Книга Эпоха Корнея Чуковского - Коллектив авторов -- Биографии и мемуары
Шрифт:
Интервал:
Закладка:
Крокодил целует ноги у царя-гиппопотама. Перед царем он открывает свою душу. Автор влагает в уста крокодила пафосную речь, пародию на Некрасова.
Узнайте, милые друзья,
Потрясена душа моя.
Я столько горя видел там,
Что даже ты, гиппопотам,
И то завыл бы, как щенок.
Когда б его увидеть мог…
Там наши братья, как в аду —
В Зоологическом саду.
О, этот сад, ужасный сад
Его забыть я был бы рад.
Там под бичами палачей
Немало мучится зверей:
Они стенают и зовут
И цепи тяжкие грызут,
Но им не вырваться сюда
Из темных клеток никогда.
…Мы каждый день и каждый час
Из наших тюрем звали вас
И ждали, верили, что вот
Освобождение придет,
Что вы нахлынете сюда,
Чтобы разрушить навсегда
Людские злые города,
Где ваши братья и сыны,
В неволе жить обречены!
Сказал и умер. Я стоял
И клятвы страшные давал
Злодеям людям отомстить
И всех зверей освободить…
Эта пародия на Некрасова не случайна.
Чуковский редактировал новое издание Некрасова и снабдил его своей статьей «Жизнь Некрасова». Хотя эта статья и пересыпана похвалами Некрасову, но сквозь них прорывается ярко выраженная ненависть к Некрасову. Описывая то, что Некрасову приходилось наблюдать в детстве, он замечает: «В пору же малолетства он мало вникал в то, что видел, и был самый обыкновенный помещичий сын». Помещичье происхождение Некрасова автор и дальше особо выпячивает: «…в сущности, Некрасов был дворянин, сын помещика, такой же барин, как Герцен, Тургенев, Огарев».

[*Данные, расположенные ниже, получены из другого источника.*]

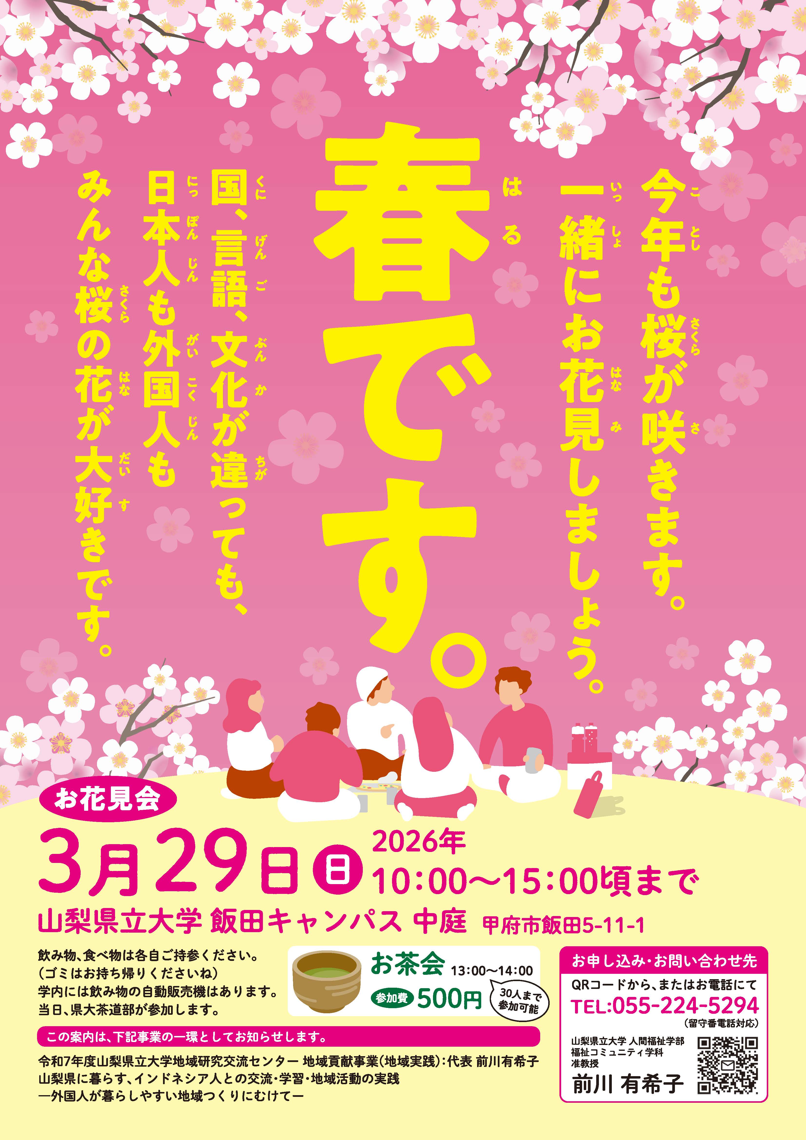 地域研究交流センターで実施している令和7年度地域貢献事業(地域実践)「山梨県に暮らす、インドネシア人との交流・学習・地域活動の実践 ―外国人が暮らしやすい地域つくりにむけて―」の活動の一環としてインドネシア交流 お花見会を3月29日(日)に開催いたします。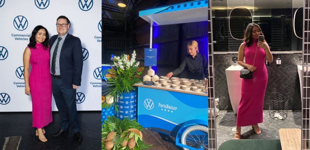 A few weekends ago, I tagged along with Max for his work event where we got to dress up. I wore this Kookai dress I found on sale and I loved the colour. I don’t usually like a bodycon-type fitting dress but Joan insisted I looked good in it. I was initially conscious of my body but I loved the colour and how the material of the dress so I wore it.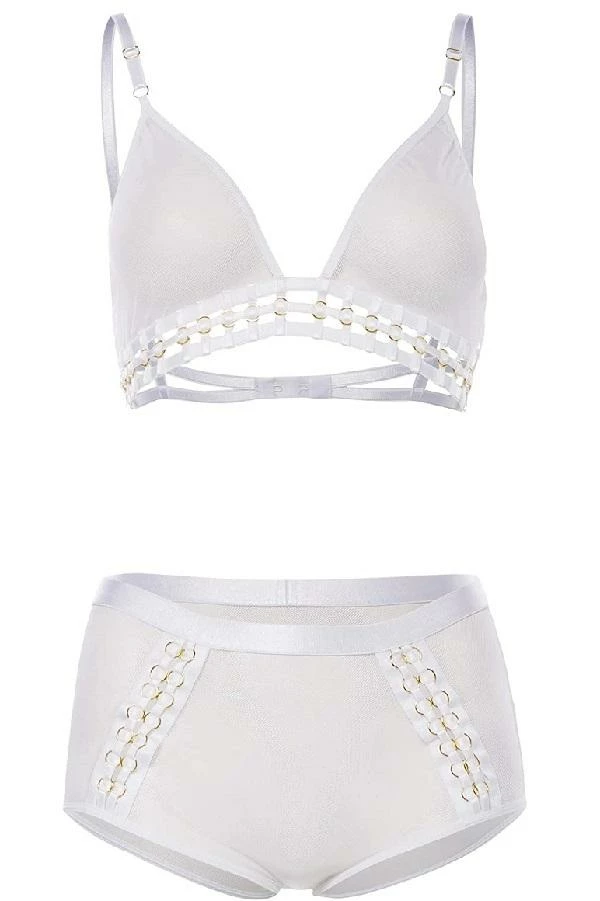 This is a tempting two piece set from the Gold & I collection made by Me Seduce Poland. It includes a bra and high waist brief which are both decorated with see-through mesh and have a tempting braided ring feature. The briefs have an elasticated waistband and there is also a plain mesh on the back just like the front. The back of the bra has one adjustable hook. Available in black red and white.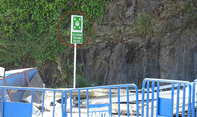 Samsun'da 2'si çocuk 3 kişinin hayatını kaybettiği heyelan faciasında, olay yerinde bulunan "Acil Durum Toplanma Bölgesi" tabelası dikkat çekti.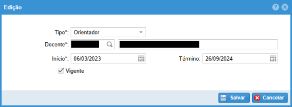 Para incluir ou editar um orientador/coorientador, basta clicar no botão Novo ou selecionar um pré-existente com duplo clique, ambas as ações abrirão a seguinte tela de edição onde o usuário poderá incluir as informações do orientador/coorientador.
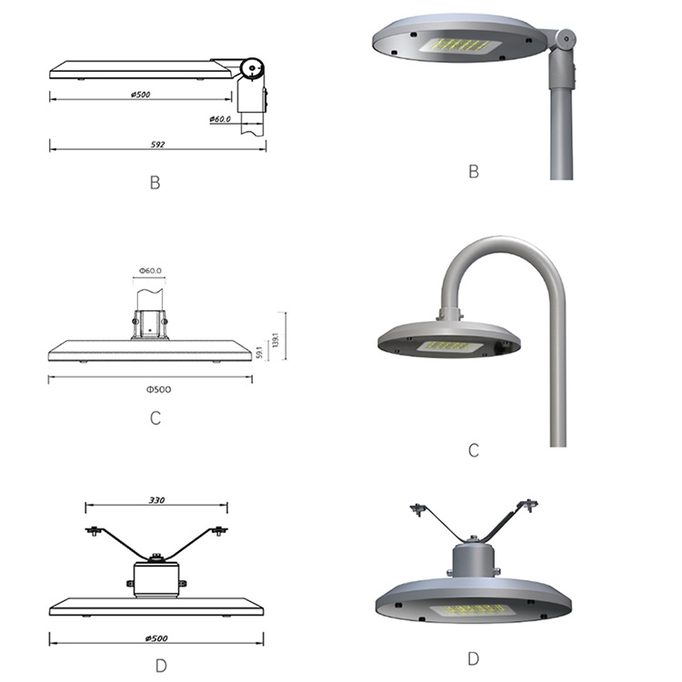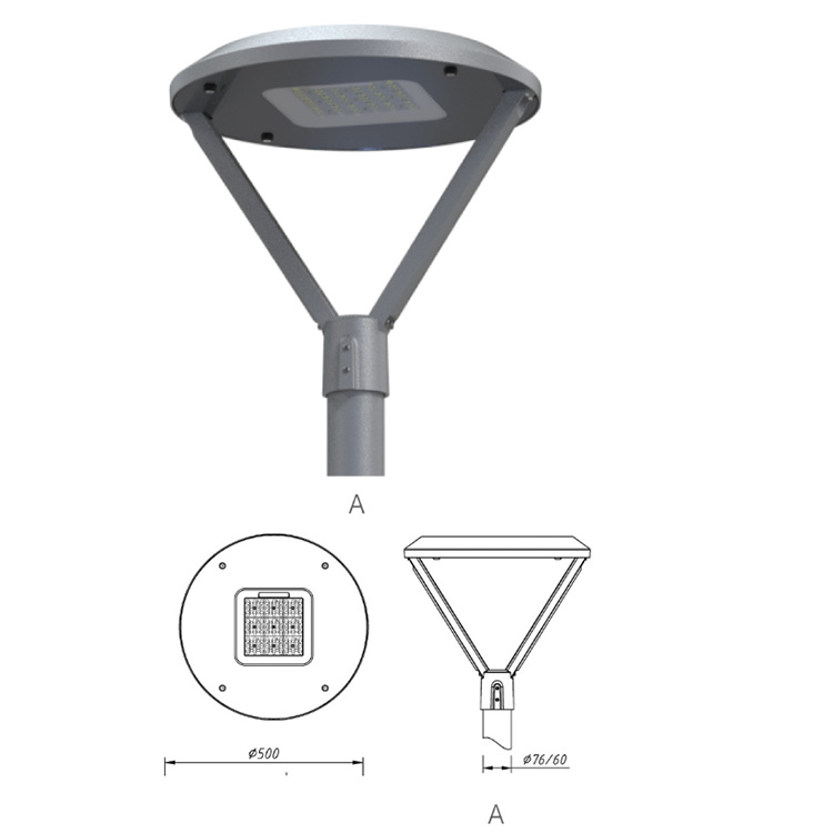 - விளக்கு இடுகை அளவு: 76/60 மிமீ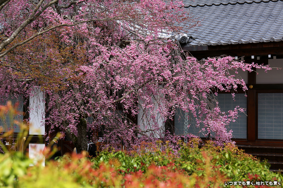 紅葉の季節には来たことのある将軍塚青龍殿ですが、春の桜の季節の将軍塚青龍殿は初めてです。青龍殿の前のピンクのしだれ桜、展望台から眺める桜の花の雲海がとても美しかったです。人も多くなくてのんびりと桜の撮影を楽しむことができました。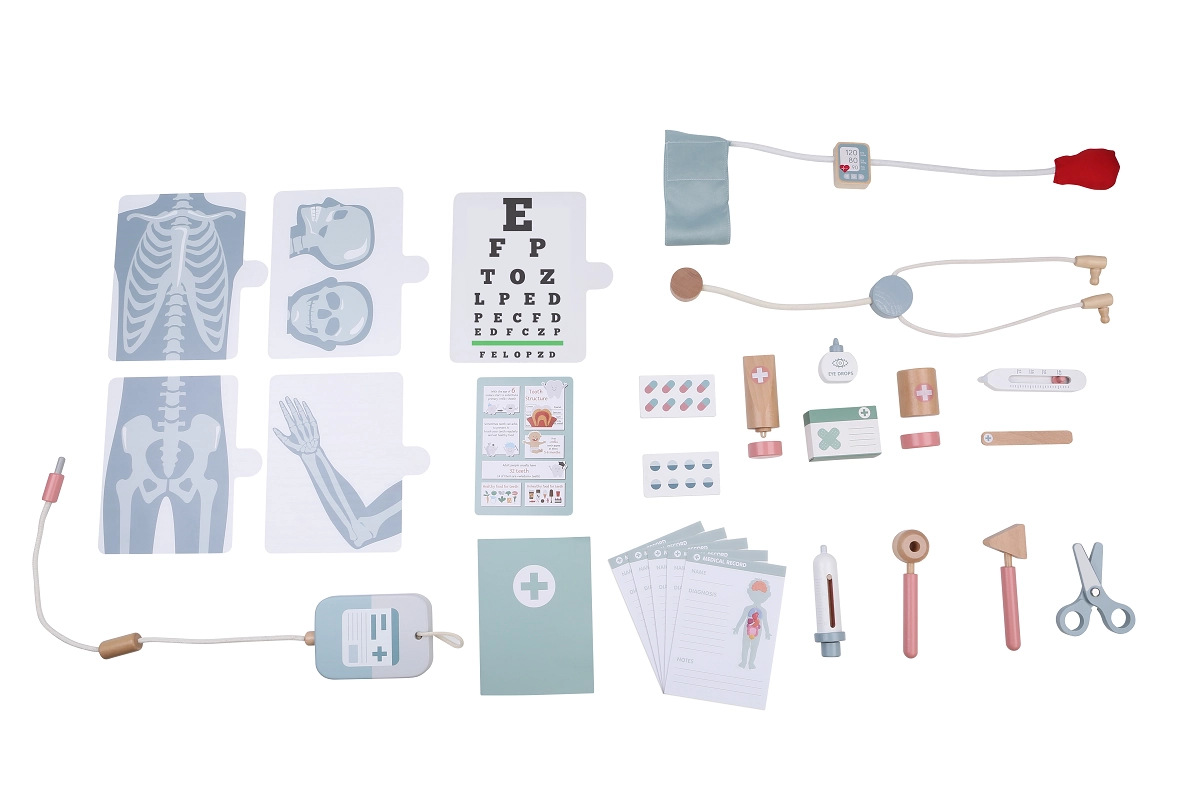 Questo set di role play stimola immaginazione, interazione sociale e aiuta a ridurre la paura della visita dal medico. Gli strumenti realistici in legno di qualità e altri materiali insegnano ai bambini a riconoscere gli strumenti medici, pianificare gli esami e prendersi cura dei “pazienti”.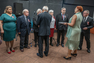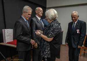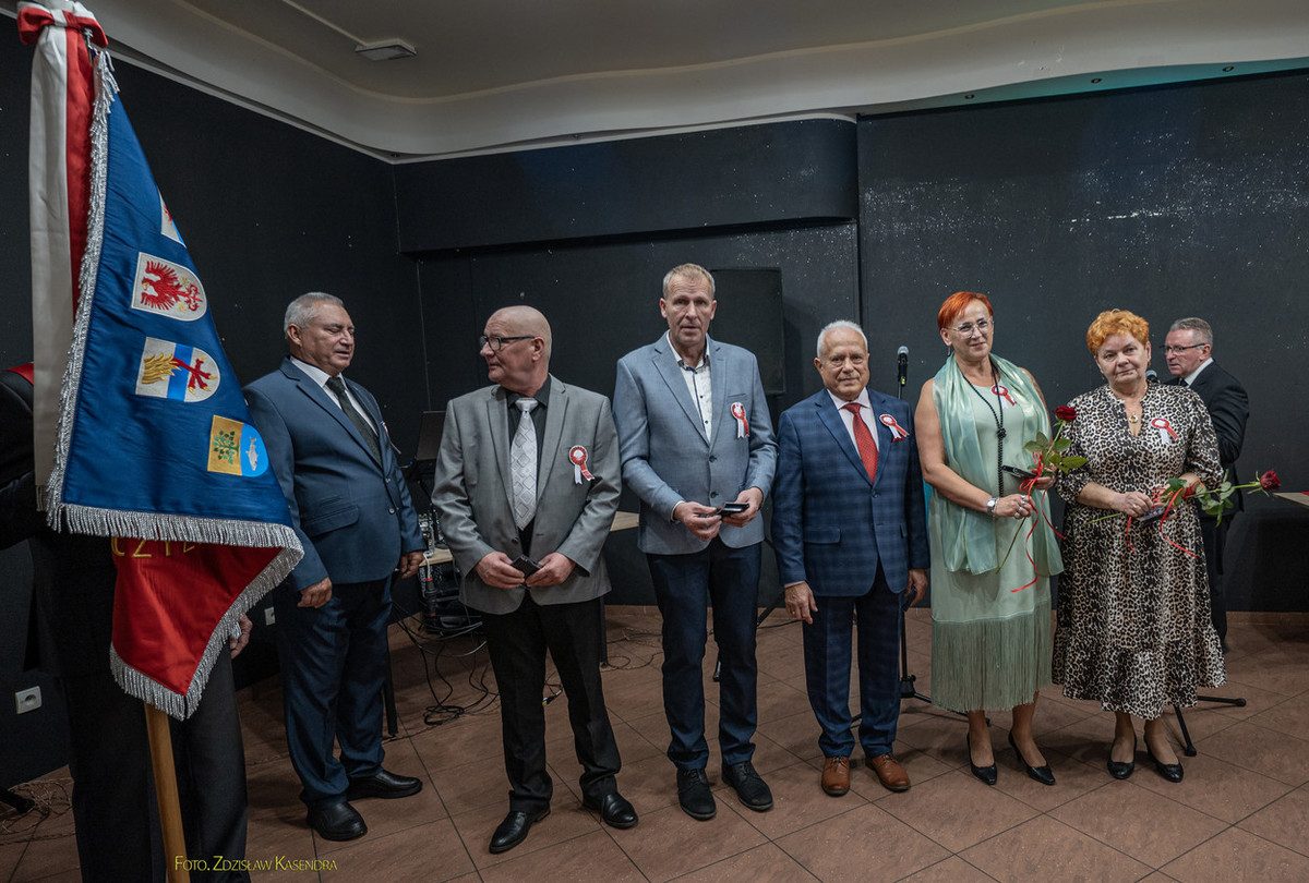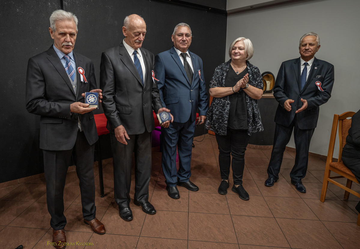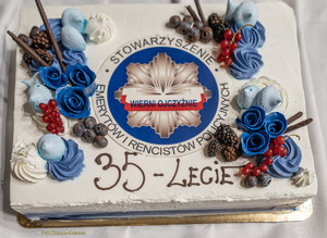Nie zabrakło wspomnień, serdecznych gratulacji i życzeń dalszej owocnej pracy społecznej. Po części oficjalnej wyprowadzono Sztandar Stowarzyszenia. Następnie uczestnicy spotkania zasiedli do wspólnego poczęstunku wspaniałych dań przygotowanych przez zawsze gościnny lokal Mamma Mia. Uroczystość uświetnił piękny tort jubileuszowy oraz lampka szampana. Przy dźwiękach muzyki serwowanej przez niezastąpionego kol. Tomka Szostaka i w miłej atmosferze nie zabrakło wspólnych rozmów, wspomnień i radości ze wspólnego świętowania.

«К десятилетнему возрасту из мальчика вышел умелый картежник и меткий стрелок». «На одиннадцатом году Некрасов был отдан отцом в Ярославскую гимназию, где учился плохо и лениво». В семнадцать лет, по словам Чуковского, Некрасов был малоразвитым подростком, имевшим пристрастие к романтической позе и фразе, писавшим фразистые стихи, не имевшие успеха. Но Некрасов умел приспособляться. «Его бойкие и ловкие стишки о взятках деньгах, картах и чинах — обо всем, чем волновалось тогдашнее общество, пришлись по вкусу невзыскательным читателям». Некрасов превратился, по словам Чуковского, в писателя-поденщика, развлекателя публики, угождавшего «казарменно-канцелярской публике». «Все видели в нем бойкого, смышленого юношу, который умело и ловко пробивает себе дорогу». Но Некрасов «тайно терзался страшной тоской». Вообще тоска (или, как тогда говорили, хандра) была характерным свойством Некрасова, «присущим ему с самого детства».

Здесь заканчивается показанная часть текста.